■ Excerpted records
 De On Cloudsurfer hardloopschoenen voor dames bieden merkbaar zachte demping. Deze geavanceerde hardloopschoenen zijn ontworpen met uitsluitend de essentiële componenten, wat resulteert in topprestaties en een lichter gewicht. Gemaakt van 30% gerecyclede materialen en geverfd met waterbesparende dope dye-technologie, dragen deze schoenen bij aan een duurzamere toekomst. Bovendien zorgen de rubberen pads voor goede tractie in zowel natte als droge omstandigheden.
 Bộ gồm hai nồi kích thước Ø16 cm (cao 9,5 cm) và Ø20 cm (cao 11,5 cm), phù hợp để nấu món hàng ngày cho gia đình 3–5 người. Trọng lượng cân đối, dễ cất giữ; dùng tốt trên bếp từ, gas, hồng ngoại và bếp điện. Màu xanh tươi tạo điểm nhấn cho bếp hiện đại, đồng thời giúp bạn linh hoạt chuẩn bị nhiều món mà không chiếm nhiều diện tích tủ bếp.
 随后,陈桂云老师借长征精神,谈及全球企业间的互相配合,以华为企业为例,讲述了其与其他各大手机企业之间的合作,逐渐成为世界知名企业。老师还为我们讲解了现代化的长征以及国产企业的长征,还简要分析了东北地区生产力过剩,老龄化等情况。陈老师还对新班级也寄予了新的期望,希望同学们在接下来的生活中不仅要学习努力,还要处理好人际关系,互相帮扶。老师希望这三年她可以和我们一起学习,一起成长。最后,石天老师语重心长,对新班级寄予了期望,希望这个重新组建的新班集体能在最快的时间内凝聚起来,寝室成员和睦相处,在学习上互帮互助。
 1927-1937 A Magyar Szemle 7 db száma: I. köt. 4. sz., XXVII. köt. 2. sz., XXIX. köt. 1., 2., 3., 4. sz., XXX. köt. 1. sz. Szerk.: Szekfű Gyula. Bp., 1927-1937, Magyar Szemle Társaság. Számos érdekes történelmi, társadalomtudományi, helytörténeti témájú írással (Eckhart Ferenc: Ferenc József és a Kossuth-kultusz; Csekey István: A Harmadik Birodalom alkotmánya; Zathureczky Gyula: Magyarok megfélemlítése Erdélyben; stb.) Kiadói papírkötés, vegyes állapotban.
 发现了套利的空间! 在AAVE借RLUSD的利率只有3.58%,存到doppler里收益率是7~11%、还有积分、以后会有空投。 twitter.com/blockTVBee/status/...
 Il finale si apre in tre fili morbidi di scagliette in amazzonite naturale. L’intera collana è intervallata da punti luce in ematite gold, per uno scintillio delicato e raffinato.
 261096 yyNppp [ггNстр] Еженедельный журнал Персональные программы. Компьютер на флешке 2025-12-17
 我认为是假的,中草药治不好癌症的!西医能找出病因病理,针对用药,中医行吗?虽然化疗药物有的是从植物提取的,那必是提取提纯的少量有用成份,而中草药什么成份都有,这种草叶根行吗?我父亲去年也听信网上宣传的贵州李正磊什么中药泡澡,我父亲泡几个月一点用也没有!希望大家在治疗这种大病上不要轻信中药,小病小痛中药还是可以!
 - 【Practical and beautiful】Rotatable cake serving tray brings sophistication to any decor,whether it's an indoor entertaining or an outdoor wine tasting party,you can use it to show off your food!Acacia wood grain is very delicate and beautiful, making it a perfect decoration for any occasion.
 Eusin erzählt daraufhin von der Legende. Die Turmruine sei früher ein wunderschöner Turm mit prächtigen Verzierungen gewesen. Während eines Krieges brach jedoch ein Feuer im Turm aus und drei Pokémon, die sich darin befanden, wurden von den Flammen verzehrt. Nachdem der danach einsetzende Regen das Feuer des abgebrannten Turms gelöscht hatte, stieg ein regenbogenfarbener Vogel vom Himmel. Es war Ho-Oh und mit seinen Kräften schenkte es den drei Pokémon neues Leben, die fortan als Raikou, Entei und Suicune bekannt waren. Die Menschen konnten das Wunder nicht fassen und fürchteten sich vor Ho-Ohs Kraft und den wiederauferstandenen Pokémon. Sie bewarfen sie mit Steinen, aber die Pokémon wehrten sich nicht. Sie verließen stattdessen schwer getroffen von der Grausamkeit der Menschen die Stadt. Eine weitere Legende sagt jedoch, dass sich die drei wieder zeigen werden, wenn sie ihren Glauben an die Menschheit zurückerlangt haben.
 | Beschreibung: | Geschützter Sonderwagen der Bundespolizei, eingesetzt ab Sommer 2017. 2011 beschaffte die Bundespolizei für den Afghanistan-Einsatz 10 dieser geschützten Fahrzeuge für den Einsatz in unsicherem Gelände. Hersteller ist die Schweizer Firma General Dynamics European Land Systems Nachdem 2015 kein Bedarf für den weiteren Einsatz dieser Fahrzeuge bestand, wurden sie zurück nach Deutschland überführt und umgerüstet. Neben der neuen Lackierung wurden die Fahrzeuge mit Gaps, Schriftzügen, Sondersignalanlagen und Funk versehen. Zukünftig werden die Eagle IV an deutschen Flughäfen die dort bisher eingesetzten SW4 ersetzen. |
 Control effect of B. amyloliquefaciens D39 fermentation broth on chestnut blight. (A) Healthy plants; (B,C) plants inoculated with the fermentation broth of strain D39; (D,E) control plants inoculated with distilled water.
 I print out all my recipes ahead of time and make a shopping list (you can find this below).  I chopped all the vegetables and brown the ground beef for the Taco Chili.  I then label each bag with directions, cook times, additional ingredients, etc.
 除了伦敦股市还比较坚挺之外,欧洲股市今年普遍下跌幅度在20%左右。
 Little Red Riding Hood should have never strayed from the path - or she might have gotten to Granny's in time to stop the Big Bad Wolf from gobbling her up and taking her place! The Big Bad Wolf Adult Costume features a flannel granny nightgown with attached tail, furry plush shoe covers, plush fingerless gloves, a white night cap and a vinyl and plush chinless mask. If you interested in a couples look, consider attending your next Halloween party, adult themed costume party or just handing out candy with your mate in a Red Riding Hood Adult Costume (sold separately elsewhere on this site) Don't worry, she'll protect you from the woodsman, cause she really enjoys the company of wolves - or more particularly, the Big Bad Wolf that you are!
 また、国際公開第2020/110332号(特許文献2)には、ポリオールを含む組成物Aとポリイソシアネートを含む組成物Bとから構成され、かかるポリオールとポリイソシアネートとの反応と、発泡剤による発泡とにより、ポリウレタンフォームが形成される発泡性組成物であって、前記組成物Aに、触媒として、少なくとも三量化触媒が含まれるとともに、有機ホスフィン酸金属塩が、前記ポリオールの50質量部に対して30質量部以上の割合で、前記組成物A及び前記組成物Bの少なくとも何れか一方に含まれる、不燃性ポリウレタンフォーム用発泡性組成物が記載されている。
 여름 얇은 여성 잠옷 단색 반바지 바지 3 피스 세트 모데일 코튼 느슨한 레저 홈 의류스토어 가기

■ Problem to work on
Set down, exactly as they stand above, the lines starting with the line with "Il finale si" and going on through the line with "我认为是假的,中草药治不好癌", and no others.

■ Exercise solution
 Il finale si apre in tre fili morbidi di scagliette in amazzonite naturale. L’intera collana è intervallata da punti luce in ematite gold, per uno scintillio delicato e raffinato.
 261096 yyNppp [ггNстр] Еженедельный журнал Персональные программы. Компьютер на флешке 2025-12-17
 我认为是假的,中草药治不好癌症的!西医能找出病因病理,针对用药,中医行吗?虽然化疗药物有的是从植物提取的,那必是提取提纯的少量有用成份,而中草药什么成份都有,这种草叶根行吗?我父亲去年也听信网上宣传的贵州李正磊什么中药泡澡,我父亲泡几个月一点用也没有!希望大家在治疗这种大病上不要轻信中药,小病小痛中药还是可以!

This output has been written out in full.